Naar boven ↑

Rechtspraak

Uitspraakdatum

28-06-2016

ECLI

ECLI:NL:TADRAMS:2016:141

Zaaknummer

16-189/A/A

Inhoudsindicatie

Verzetbeslissing. Klacht tegen eigen advocaat. Verzet ongegrond.

Uitspraak

Beslissing van de Raad van Discipline in het ressort Amsterdam

van 28 juni 2016

in de zaak 16-189/A/A

naar aanleiding van het verzet tegen de beslissing van de plaatsvervangend voorzitter van de raad van discipline van 17 maart 2016 op de klacht van:

klager

tegen:

verweerder

1 VERLOOP VAN DE PROCEDURE

1.1 Bij brief van 17 oktober 2015 heeft klager bij de deken van de Orde van Advocaten in het arrondissement Amsterdam (hierna: “de deken”) een klacht ingediend over verweerder.

1.2 Bij brief aan de raad van 3 maart 2016 met kenmerk 4015-0712, door de raad ontvangen op 3 maart 2016, heeft de deken de klacht ter kennis van de raad gebracht.

1.3 Bij beslissing van 17 maart 2016 heeft de plaatsvervangend voorzitter van de raad (hierna: "de voorzitter") de klacht kennelijk ongegrond verklaard, welke beslissing op 17 maart 2016 is verzonden aan klager.

1.4 Bij brieven van 19 maart en 27 maart 2016, door de raad ontvangen op 22 maart 2016 respectievelijk 4 april 2016, heeft klager verzet ingesteld tegen de beslissing van de voorzitter.

1.5 Het verzet is behandeld ter zitting van de raad van 17 mei 2016 in aanwezigheid van klager en verweerder.

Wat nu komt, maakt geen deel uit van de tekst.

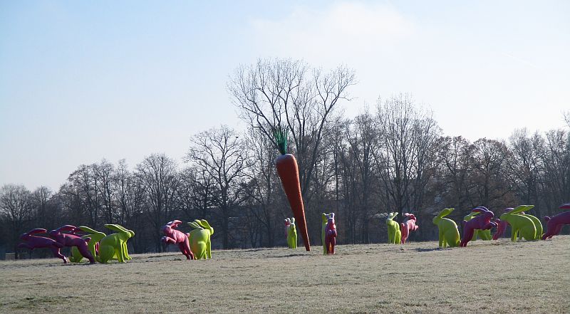 Einfachheit in der Gestaltung des Parks gefielen mir von der ersten Stunde an. Minutenlang jogge ich geradeaus, bis eines der seltsamsten Kunstwerke, das mir je unterkam, ins Blickfeld rückt: die „Sitz- und Flitzhasen“. Einzigartig und rätselhaft, mehr mag ich als ausgewiesener Kunstbanause dazu nicht sagen. Vielleicht noch das: Der Park wäre ohne die pinken und grünen Langohren sicher ärmer.
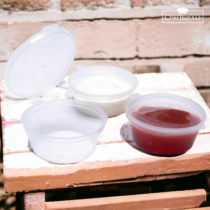 - Versatile Usage: Our Clear Round Hinged Sauce Pots with Lids are perfect for serving a variety of condiments such as chutney, ketchup, and dips. Whether you're running a restaurant, hosting a party, or packing takeaways, these containers are the ideal choice.

1.6 De raad heeft kennisgenomen van de beslissing van de voorzitter waarvan verzet en van de stukken waarop de beslissing blijkens de tekst daarvan is gegeven, alsmede van het verzetschrift van klager van 19 maart 2016 zoals aangevuld bij brief van 27 maart 2016, en van de brieven van klager aan de raad van 13 en 15 april 2016.

2 FEITEN EN KLACHT

2.1 Voor een weergave van de vaststaande feiten en de omschrijving van de klacht verwijst de raad naar de beslissing van de voorzitter. Tegen die weergave komt klager in verzet niet op.

3 VERZET

De gronden van het verzet houden, zakelijk weergegeven, het volgende in:

3.1 de voorzitter is niet uitgegaan van de juiste inventarislijst;

3.2 klager heeft recht op een mondelinge behandeling van zijn zaak;

3.3 in de beslissing van de voorzitter zijn onvolledige citaten opgenomen;

3.4 de Advocatenwet zoals gewijzigd per 1 januari 2015 is niet van toepassing;

3.5 de voorzitter heeft miskend dat klager “heer van het proces” is.

4 BEOORDELING

4.1 De raad is van oordeel dat de voorzitter bij de beoordeling de juiste maatstaf heeft toegepast en voorts acht heeft geslagen op alle relevante omstandigheden van het geval. Terecht heeft klager aangevoerd dat in de beslissing van 17 maart 2016 geen melding wordt gemaakt van zijn brief aan de raad gedateerd 10 maart 2016, door de raad ontvangen op 15 maart 2016. De inhoud van die brief bevat echter geen informatie of standpunten die een ander licht op de zaak werpen en had dus ook niet tot een ander oordeel van de voorzitter kunnen leiden. Naar het oordeel van de raad kunnen de door klager aangevoerde gronden dan ook niet slagen en heeft de voorzitter de klacht terecht en op juiste gronden kennelijk ongegrond bevonden.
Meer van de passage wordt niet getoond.